Additionally, the main executable of each sub-module is exposed via a CLI at data/cli.py

Example: generating training data

As an example, let’s build a training dataset using the CLI in the data container we built above

First, let’s make a data storage directory, and query science mode segments from gwosc

mkdir -p ~/aframe/data/train/background
apptainer run $AFRAME_CONTAINER_ROOT/data.sif \
    python -m data query --flags='["H1_DATA", "L1_DATA"]' --start 1240579783 --end 1241443783 --output_file ~/aframe/data/segments.txt

Inspecting the output, (vi ~/aframe/data/segments.txt) it looks like there are science mode data segments between (1240579783, 1240587612) and (1240594562, 1240606748).

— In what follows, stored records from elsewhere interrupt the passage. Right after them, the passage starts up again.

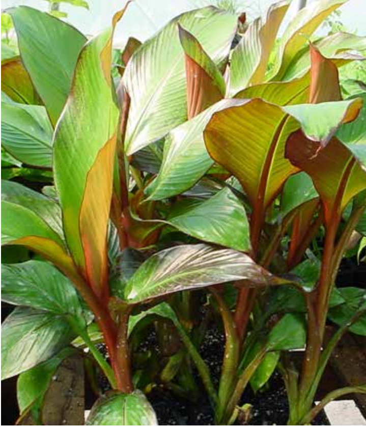
BANANA ENSETE MAURELII
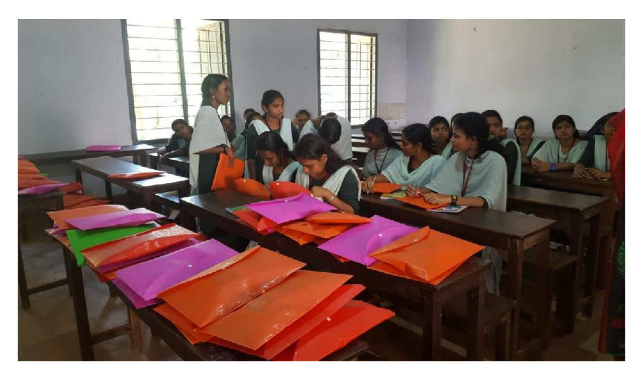
Student Kit distribution

The kit was distributed on 10.12.2019 and the first ASAP class was also held for the 2<sup>nd</sup> year SSP students. After the student kit distribution, the 1<sup>st</sup> external mentoring session for the 1<sup>st</sup> years was arranged. The session was led by Ms. Anitta S. Cheeran.
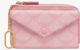
HIMMEL ZIP-AROUND CARD CASE IN LAURETOS
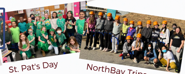
St. Pat's Day NorthBay Trips
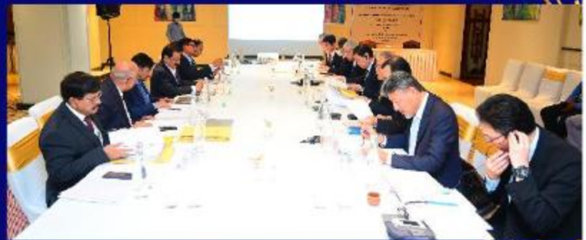
JSU IMMAJ AGREEMENT
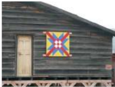
1 WILLIAMS BARN 31 Quincy Junction Road BQ Pattern: Star & Cross Date of barn construction - circa 1917
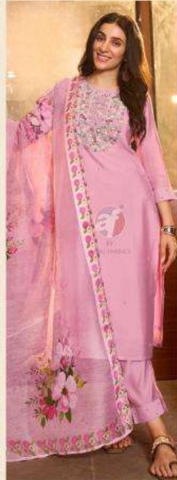
Chandani VOL.3 D.no.3733
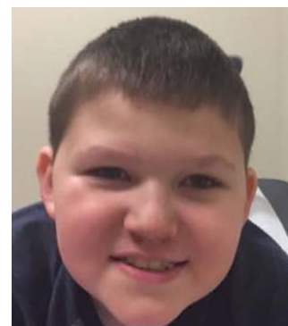
FIGURE 2 Frontal view of child in Family 2 showing the facial features characteristic of Angelman syndrome, including prominent cheekbones, thin vermilion of the upper lip, and prognathism [Color figure can be viewed at wileyonlinelibrary.com]

The only reportable variant detected by clinical testing for a panel of genes associated with syndromic and non-syndromic autism in the child from Family 2 was the same UBE3A variant: c.2T > C (p.Met1Thr) [GenBank transcript: NM_130838.1]. Testing of both parents did not detect this variant, therefore, this variant was apparently de novo in this child. The possibility of germline mosaicism for this variant in either parent could not be excluded. No suitable polymorphic markers were identified in the genomic region around this variant to determine whether the variant was on the paternal or maternal allele. However,
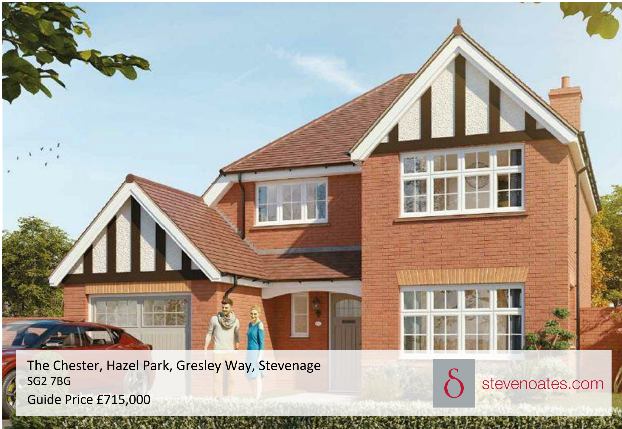
The Chester, Hazel Park, Gresley Way, Stevenage SG2 7BG Guide Price £715,000
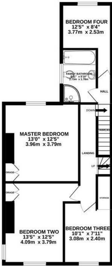
1ST FLOOR 592 sq.ft. (55.0 sq.m.) approx.
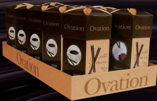
Orange Display 10/4.4 oz (125g)
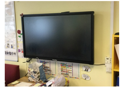
This is where I learn and sit down to listen.
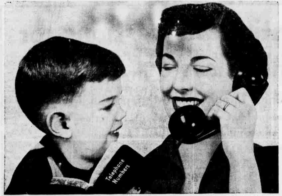
If you keep a list of out-of-town numbers, you'll find calls are put through much faster—often in 30 seconds.
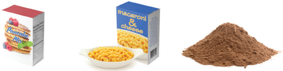
Example of conveyed products

Vacuum conveying is widely used in this industry and often used to feed dosing equipment or a sieve, mixer/blender or a dosing machine. It can also feed packaging machines and reclaim from packaging and other machines.
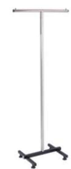
V6-12 Straight Hanger
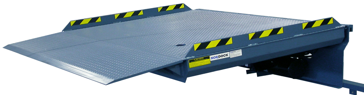
NR Rail Dock Leveler in Loading Position

www.nordockinc.com - sales-nordock@iwsolutions.com - Toll Free: 1-866-885-4276
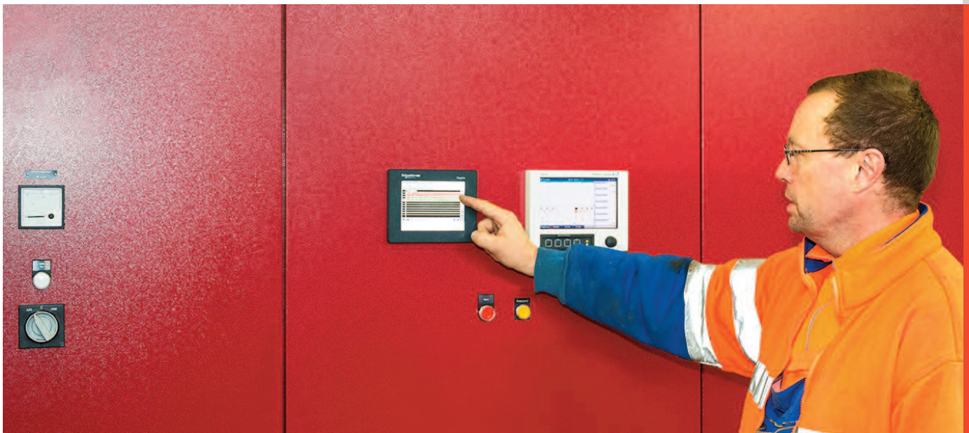
Michael Etter of the road supervisory authority of the town of Biel in the pumping station on Renferstrasse, that is equipped with STEBalarm.
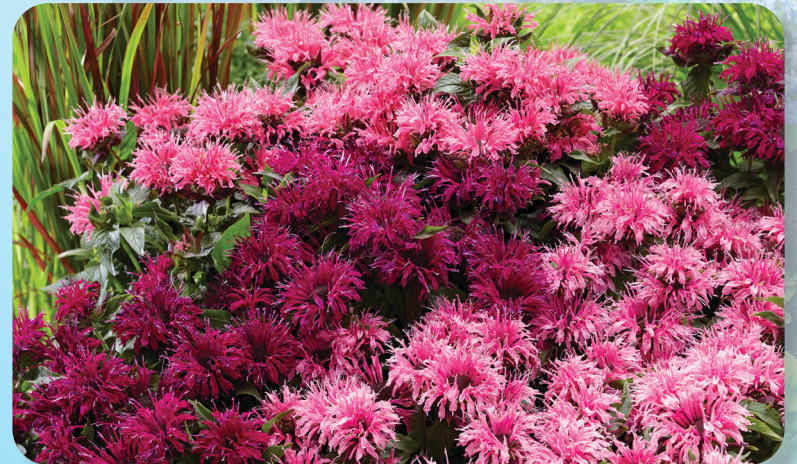
Monarda Balmy™ Series 3pc Monarda didyma hybrid

We aren't happy if you aren't happy. If you have any questions regarding your order please call us at 1-765-525-4065 during the hours of 8:30 am and 4:30 pm EST. You can email questions to us at: customerservice@robertasinc.com .
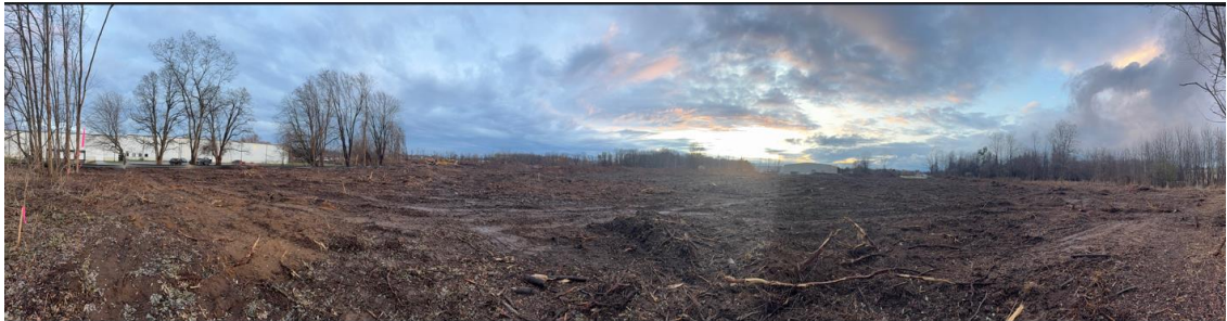
E-SE-S View of site.

Project Name: _ McAlpin Industries Publisher's Parkway (behind U of R Medical Building on Hard Road)
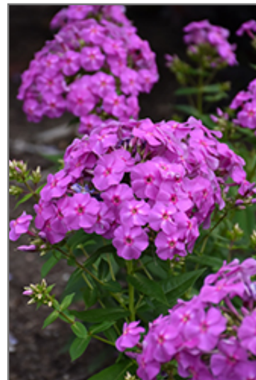
Flame Lilac Garden Phlox flowers
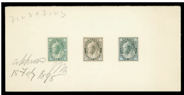
Lot 127 Realized $23,000
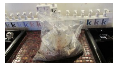
Beaconsfield's Revolution Beauty Salon goes green in a big way – Hair Dye, Hair clippings, foil, recycled how?
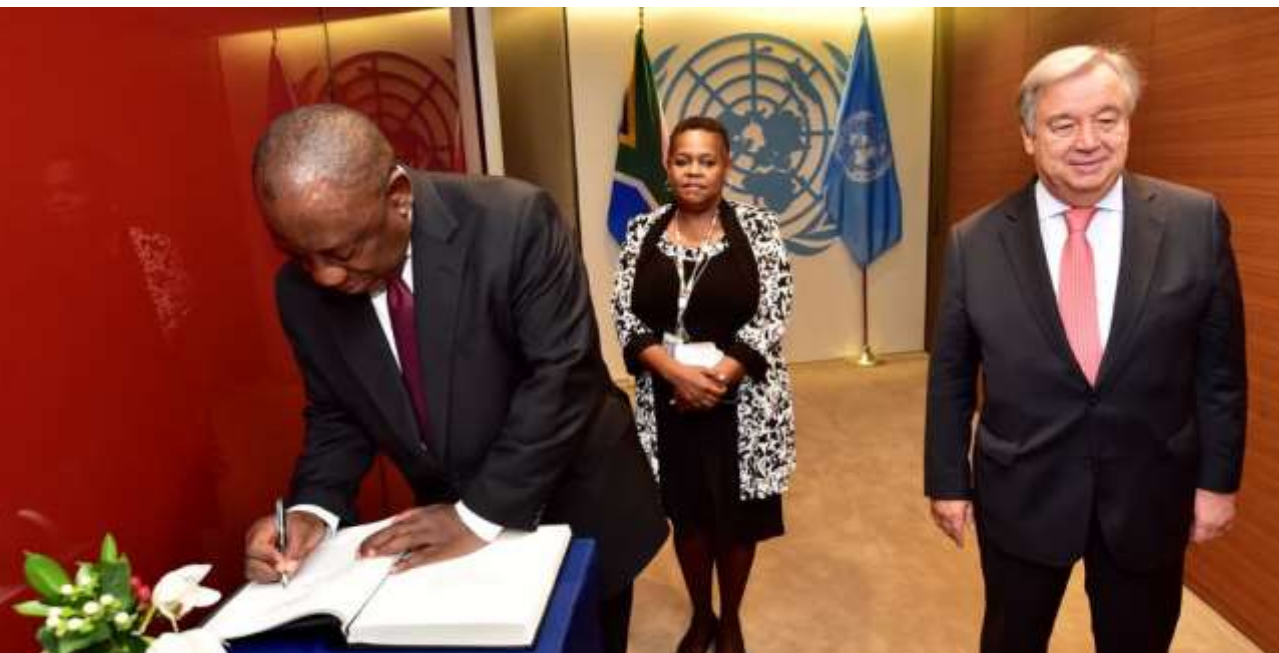
President Ramaphosa signing the visitors book at UN Headquarters in New York.
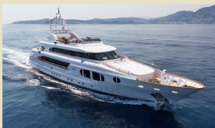
BINA 42.65 m 12/9 West Mediterranean - Riviera/Corsica/Sardinia 175,000/150,000 €/week
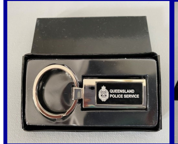
Queensland Police Service Key Ring $5.00

(Suitable for engraving great for graduation gift)
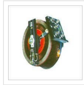
Open Variac Auto Transformer
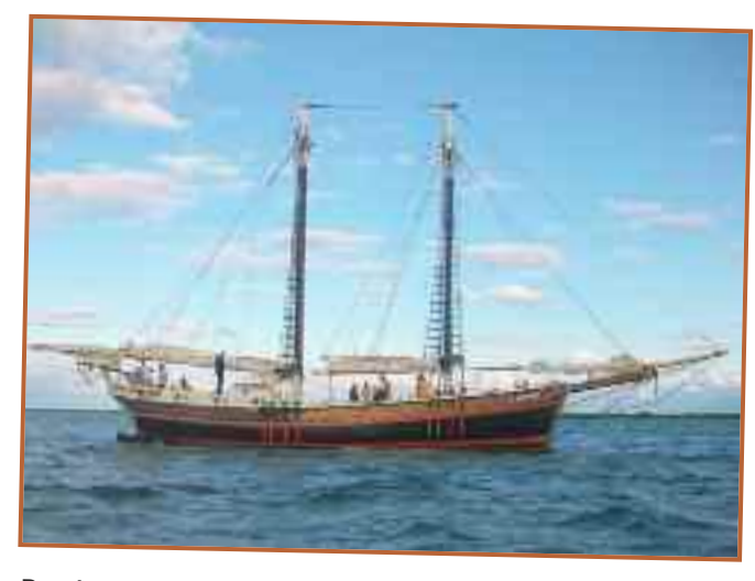
Pontune's newly acquired Pirate Ship is docked at Gilbert's Resort.
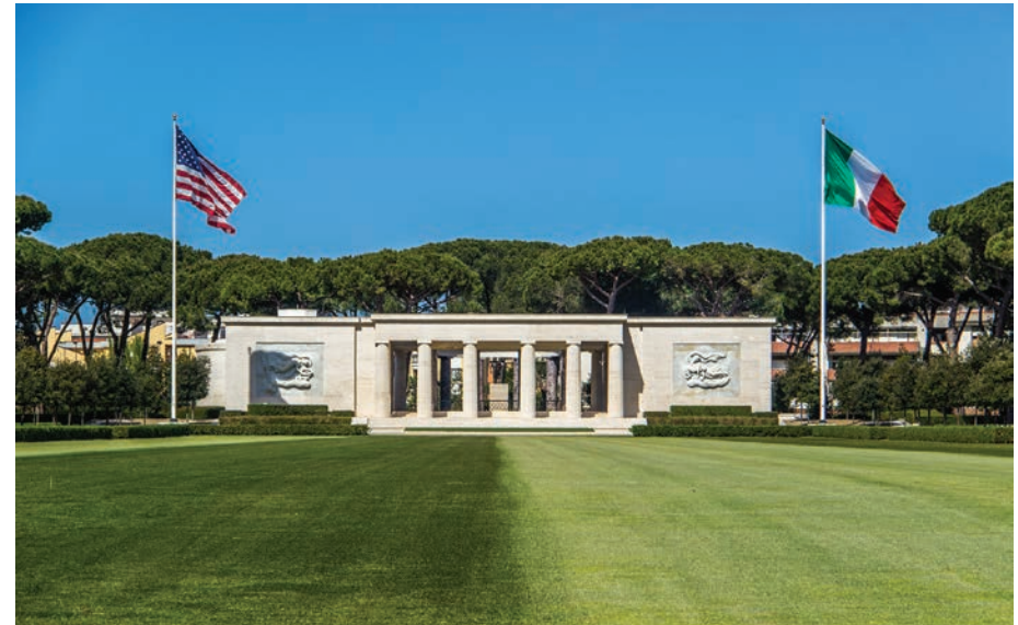
The memorial viewed from the east.
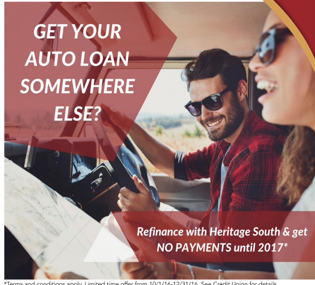
*Terms and conditions apply. Limited time offer from 10/1/16-12/31/16. See Credit Union for details.

*Certain rules and restrictions apply. See credit union for details.
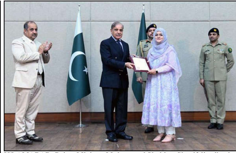
ISLAMABAD: Prime Minister Muhammad Shehbaz Sharif distributing appreciation certificates among the staff of the PM House and PM Office.

erty, unemployment and illiteracy. He pointed out that God Almighty had blessed Pakistan with immense minerals, fertile land and a capable human resource. He said we can exploit this potential by putting our efforts together saying this will also enhance the country's image in the comity of nations. The Prime Minister was appreciative of the support, advice and guidance provided to him by the staff of PM House and PM Office over the last 16 months. On the occasion, the staff of the PM House presented a portrait to the Prime Minister. Earlier, the Prime Minister distributed commendation certificates amongst the staff of the PM Office and PM House

Next, let’s fetch strain data during those segments. One will be used for training, the other for validating

apptainer run $AFRAME_CONTAINER_ROOT/data.sif \
    python -m data fetch \
    --start 1240579783 \
    --end 1240587612 \
    --channels='["H1", "L1"]' \
    --sample_rate 2048 \
    --output_directory ~/aframe/data/train/background/

apptainer run $AFRAME_CONTAINER_ROOT/data.sif \
    python -m data fetch \
    --start 1240594562 \
    --end 1240606748 \
    --channels='["H1", "L1"]' \
    --sample_rate 2048 \
    --output_directory ~/aframe/data/train/background/

Finally, lets generate some waveforms for training

apptainer run $AFRAME_CONTAINER_ROOT/data.sif \
    python -m data training_waveforms \
    --num_signals 10000 \
    --waveform_duration 8 \
    --sample_rate 2048 \
    --prior priors.priors.end_o3_ratesandpops \
    --minimum_frequency 20 \
    --reference_frequency 50 \
    --waveform_approximant IMRPhenomXPHM \
    --coalescence_time 6 \
    --output_file ~/aframe/data/train/train_waveforms.hdf5

and validation. Note that this uses one of the background files downloaded above.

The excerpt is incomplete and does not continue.